__Try it__
Find the line below with "لاعبو إشبيلية يحتفلون" and the line with "Techni Mobili Glass". Output them and the lines between, exactly, but not the pictures.

__Entries provided__
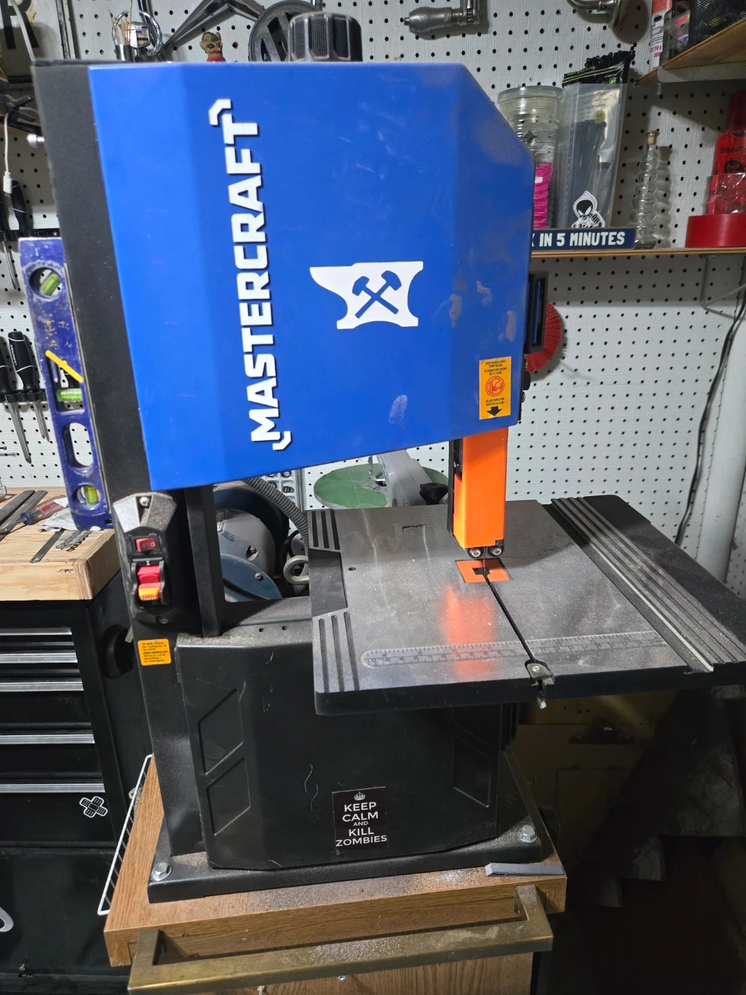 This is a Mastercraft bandsaw. It features a sturdy black base and a bright blue upper housing with the Mastercraft logo. The table has clear measurement markings for precise cuts. It's designed for workshop use.
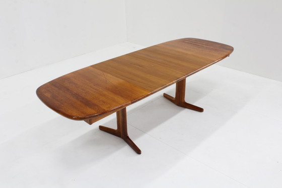 Table à manger ovale extensible vintage danoise en teck massif des années 1960. Fabriquée en teck massif et non en placage, elle est facile d'entretien.
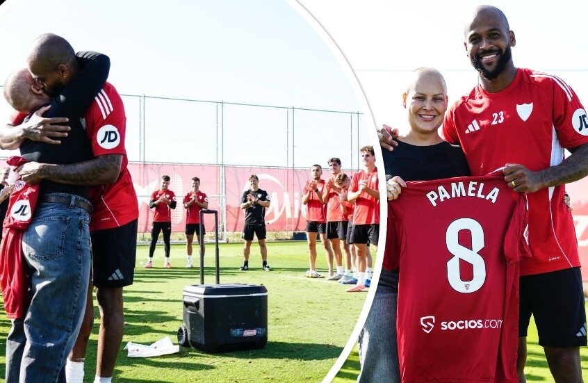 لاعبو إشبيلية يحتفلون بانتصار زوجة زميلهم على المرض (فيديو)
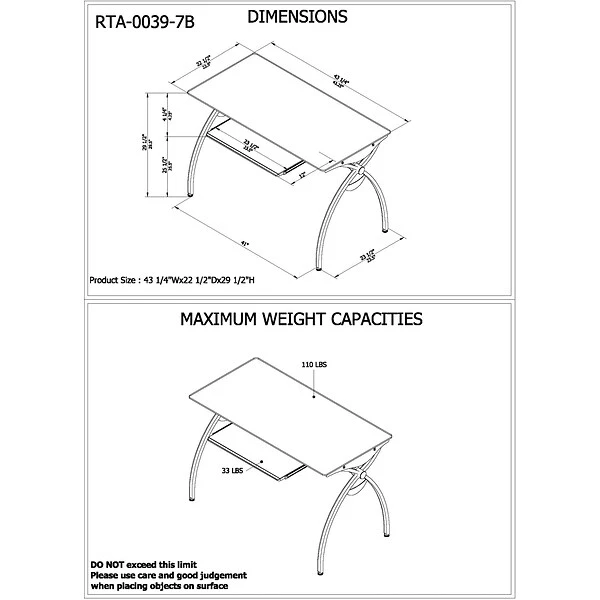 Techni Mobili Glass Top Computer Desk, assembly instructions, and owner’s manual.
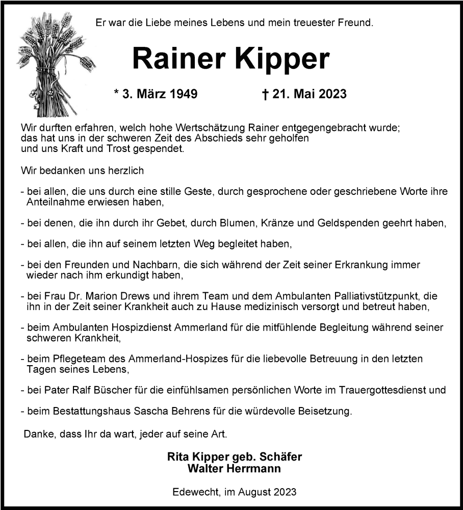 Hier finden Sie alle Traueranzeigen aus der Zeitung, die bisher für Rainer Kipper erschienen sind. Weitere Traueranzeigen, die in der Zeitung erscheinen, werden hier ebenfalls aufgelistet
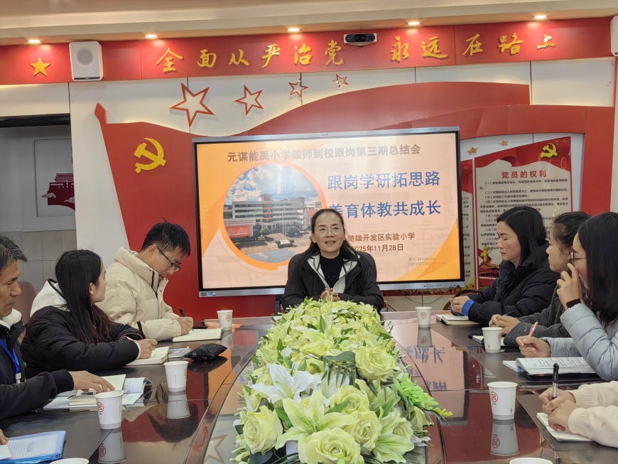 2025年11月24日至28日,元谋能禹小学教师团队赴楚雄开发区实验学校开展为期五天的跟岗研修活动。楚雄实验小学以“全方位、沉浸式”的交流模式,通过校园文化观摩、学科课堂展示、特色活动参与等多元环节,助力来访教师精准把握优质教育的实践路径。
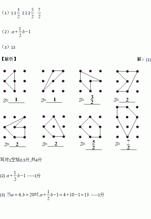 ②若用a表示多边形内部的点数,b表示多边形边界上的点数,S表示多边形的面积,你能用含a和b的代数式表示S= ____________________

__Solution to this problem__
 لاعبو إشبيلية يحتفلون بانتصار زوجة زميلهم على المرض (فيديو)
 Techni Mobili Glass Top Computer Desk, assembly instructions, and owner’s manual.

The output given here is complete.